Maybe in his mind, he wasn't thinking of an isolated system, but a system on Earth, in which you're generally fighting strong gradients to keep any particular region cooled, and the colder you get, the bigger a gradient you generate, and the more the heat wants to get into your cooled region.

3. Sep 14, 2013

### Urshilikai

It just occurred to me that near enough to absolute zero only translational modes are occupied (sorry I know this is the classical forum) but at higher temperatures non-translational degrees of freedom get populated; not all of it goes into kinetic energy. Is this right?

4. Sep 14, 2013

### D H

Staff Emeritus
The Kelvin and Celsius scales are defined so that a change of 1K is exactly the same as a change of 1 °C. The two scales differ by a constant offset.

However, the amount of energy needed to raise the temperature of some real substance by 1K or by 1 °C does vary with temperature. The heat capacity of a real substance is not constant. It is a function of temperature. An ideal gas -- that's an ideal. Some gases do come close to this ideal over some finite temperature range, but there is no such thing as an ideal gas. Nor an ideal solid.

5. Sep 14, 2013

### Pythagorean

Sorry, I'm a classical dude. I have no idea what translational modes are..

Substances undergo phase-change, in which a substance absorbs energy but the temperature doesn't rise, at the critical points of a substance (where it freezes/sublimates/melts/evaporates/etc). Once the substance has received enough energy to change phase, it starts raising in temperature again with additional energy absorbed.

6. Sep 14, 2013

### Pythagorean

hrmm... does that mean that

$$\frac{1}{2}mv^2 = \frac{3}{2}kT$$

is not true for real substances..? or that I'm misinterpreting it?

7. Sep 14, 2013

### D H

Staff Emeritus
Correct. That's for a monatomic ideal gas. It's not even true for a diatomic or multiatomic ideal gas.

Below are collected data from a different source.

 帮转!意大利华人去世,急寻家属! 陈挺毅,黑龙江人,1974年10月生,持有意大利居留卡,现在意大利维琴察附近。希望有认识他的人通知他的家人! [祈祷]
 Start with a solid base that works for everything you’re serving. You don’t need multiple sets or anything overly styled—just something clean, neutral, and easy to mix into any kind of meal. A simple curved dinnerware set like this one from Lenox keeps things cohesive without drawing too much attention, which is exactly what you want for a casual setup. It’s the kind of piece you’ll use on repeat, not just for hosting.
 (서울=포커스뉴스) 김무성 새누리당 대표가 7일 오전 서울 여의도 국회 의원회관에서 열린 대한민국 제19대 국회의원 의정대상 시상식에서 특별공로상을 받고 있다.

There is no such thing as an ideal gas. Some gases come close to that ideal, some very, very close. But even the inert gases condense into liquids, and the atoms have a non-zero size.

8. Sep 14, 2013

### Staff: Mentor

Even in the limit of ideal gas behavior, the heat capacity is a function of temperature.

9. Sep 14, 2013

### D H

Staff Emeritus
No, Chester. Heat capacity is constant an ideal gas. For a monatomic ideal gas, cv=3/2 R. Look at post #6. It's right there.

10. Sep 14, 2013

### Staff: Mentor

Smith and Van Ness, Introduction to Chemical Engineering Thermodynamics:

"Ideal-gas heat capacities (designated $C_p^{ig}$ and $C_v^{ig}$) are different for different gases; although functions of temperature, they are independent of pressure.
The temperature dependence may be shown graphically, as illustrated in Fig. 4.1, where $C_p^{ig}/R$ is plotted vs. temperature for argon, nitrogen, water, and carbon dioxide.

11. Sep 14, 2013

### SteamKing

Staff Emeritus
Don't worry about what a social scientist thinks he knows about temperature. The most dangerous thing about social scientists is what they know that just ain't so. He was just trying to get inside your head and you let him succeed.

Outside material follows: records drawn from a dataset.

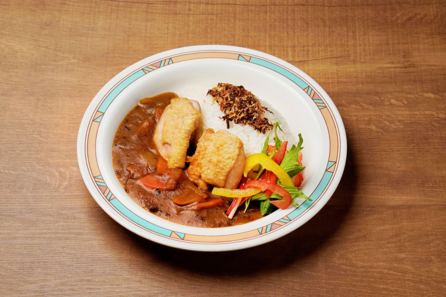 「タマネギぐるりこ」をカレーのベースに使用し、さらに仕上げにもトッピング。塩麴で漬け込んだ柔らかい鶏もも肉とともに、香ばしい風味が広がる一品です。
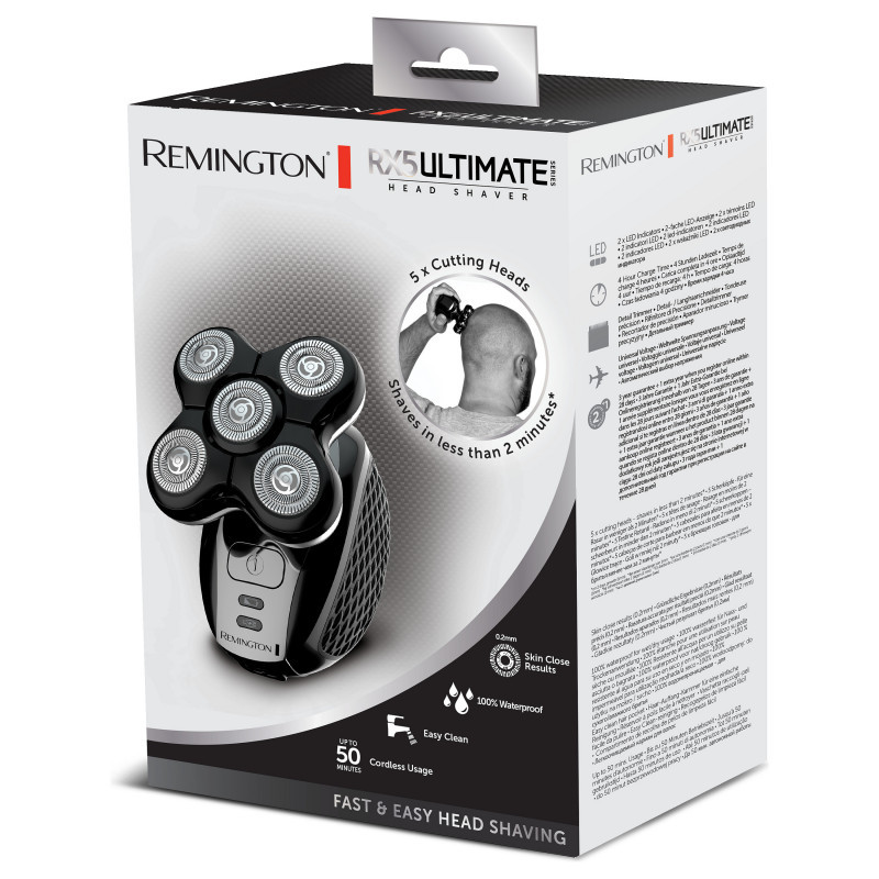"Remington XR1500. Product colour: Black, Body grooming attachments: Head shaver, Minimum hair length: 0.2 mm. Power source: Battery, Operating time: 50 min, Battery recharge time: 2 h. Package type: Box"\n"The Ultimate Series RX5 Head Shaver delivers skin-close results in less than 2-minutes with 5 Cutting Heads, for fast and easy head shaving.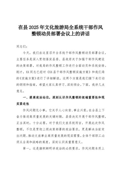 【七哥公文】2025年:在县2025年文化旅游局全系统干部作风整顿动员部署会议上的讲话+更多免费公文+VX:QiGeGongWen2024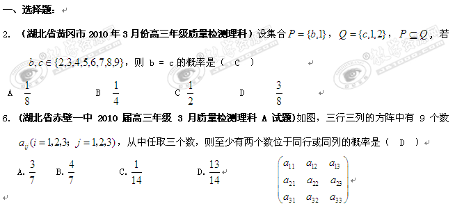 湖北省各地市2010年高考数学最新联考试题分类大汇编(13)概率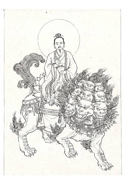 接著元始天尊又化現帝王相,騎著一隻九頭獅子,手拿著如意,腳踩著蓮花,化出大成就的光芒,升空而去。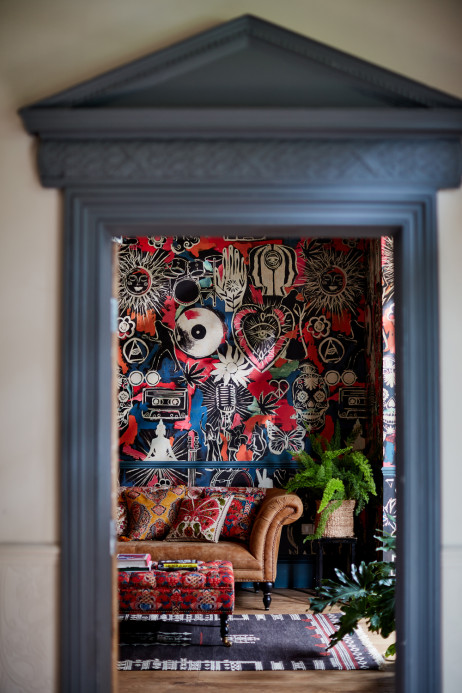 Das Design der Tapete ist inspiriert von den legendären Festivaltagen in Woodstock und eignet sich für eine Statement-Wand. Großformatige Illustrationen von Schallplatten, Musikinstrumenten, Blumen, Herzen und Sonnen, die den Charme des Woodstock-Festivals aufleben lassen, fügen sich in einen farbintensiven Hintergrund ein und sorgen für extravagante Akzente in Wohn- und Schlafräumen.

The temperature scale is linear by definition. There are 100 divisions in the amount of heat required to bring water from zero degrees C (after it has just fused) to 100 degrees C (where it boils at one atmosphere). All of this was decided before anyone knew about translational modes or statistical mechanics.

12. Sep 14, 2013

### D H

Staff Emeritus
That first sentence makes no sense. Look at the post #6. It's right there, plain as day. Specific heat is constant for an ideal gas. As far as the second sentence is concerned, argon, nitrogen, water, and carbon dioxide are not ideal gases. There is no such thing. It's an ideal.

13. Sep 15, 2013

### UltrafastPED

The thermochemical calorie was originally defined to be the amount of heat required to raise the temperature of a gram of water by one degree Celsius. However this definition is inadequate - which is something that your friend the sociologist knows:

http://en.wikipedia.org/wiki/Calorie

14. Sep 15, 2013

### Andrew Mason

It depends. If the substance is monatomic, there are only translational modes (no rotational or vibrational modes). If the substance is diatomic or polyatomic, the heat capacity will begin to increase when it reaches temperatures where the rotational and vibrational modes start to become active. As temperature decreases rotational and vibrational modes cease to be active heat capacity decreases. When any substance approaches absolute 0, even the translational modes start to get frozen out.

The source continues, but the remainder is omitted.